Come suo figlio Tammuz, Ishtar è chiamata Uríkíttu o La Verde, produttrice di tutta la vegetazione.
Il suo simbolo era un albero convenzionale chiamato Ascera, che veniva trattato come se fosse la dea stessa.
Era chiamata anche Dea della Terra, Signora delle Montagne, La Regina della Terra e Padrona dei Campi.
Nella sua persona è Dea del Cielo, Dea della Terra e Dea degli Inferi.
Nella sua fase luminosa o sopramondana, Ishtar veniva adorata come la Grande Madre che porta la fecondità sulla terra e si prende cura dei suoi figli. Promuoveva la fertilità dell’uomo, quella dei campi e degli animali dei campi. Era la dea della maternità.

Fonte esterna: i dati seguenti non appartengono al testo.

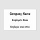 Plain and simple, employee name tags with text placeholders for Company Name, Employee's Name, and Employee since 20xx, year, date of hire. Any field can be customised with the text of your choice, on the provided template.

Come Regina del Cielo si riteneva che guidasse le stelle. Essa stessa una volta era stata una stella, la stella del mattino e della sera, che accompagnava Sinn, l’antico dio della luna, in veste di moglie. Ma in seguito prese il posto del dio e regnò di sua luce propria.
Divenne quindi Regina di tutte le Stelle e Regina del Cielo. Di notte viaggiava attraverso il cielo su un carro tirato da leoni o da capre. Gli antichi arabi chiamavano Case della Luna le costellazioni zodiacali, mentre tutta la striscia zodiacale era chiamata la «cintura di Isbtar», un termine, che si riferisce al calendario lunare degli antichi, per i quali i mesi erano le dodici lune dell’anno solare.
Perciò Ishtar era la Dea del Tempo, i cui movimenti dirigevano la semina e la mietitura e controllavano il ciclo annuale delle attività agricole.
Era conosciuta come la governatrice morale dell’uomo.
Come Regina degli Inferi, però, diveniva ostile all’uomo e distruggeva tutto ciò che aveva creato precedentemente nella sua attività sopramondana. In questa fase era chiamata Distruttrice della Vita.
Era la Dea dei Terrori Notturni, la Madre Terrificante, dea delle tempeste e della guerra.
Era anche colei che inviava i sogni e i presagi, la rivelazione e la comprensione delle cose che sono nascoste.
Era per mezzo della sua magia che gli uomini ottenevano potere e conoscenza, spesso conoscenza illecita, delle cose segrete e nascoste la cui comprensione reca di per sé il potere.
Ishtar intraprendeva il pericoloso viaggio negli inferi e, sebbene piena di dolori, vinceva alla fine l’oscurità e sorgeva di nuovo come luna nuova, piccola all’inizio ma con il potere di ricreare se stessa.
Perciò, come Sinn, che la precedette, e come Osiride degli Egiziani, diventò la Dea dell’Immortalità, la speranza della vita dopo la morte.
Nelle sue forme continuamente mutevoli essa inter;?preta tutti i possibili ruoli femminili. È chiamata figlia e sorella del dio lunare, il quale nello stesso tempo è anche suo figlio.
È la Donna, la personificazione, come direbbero i Cinesi, di yin, il principio femminile, l’Eros.
Per le donne è il principio stesso del loro essere; per gli uomini la mediatrice tra se stessi e la fonte segreta della vita nascosta nelle profondità dell’Inconscio.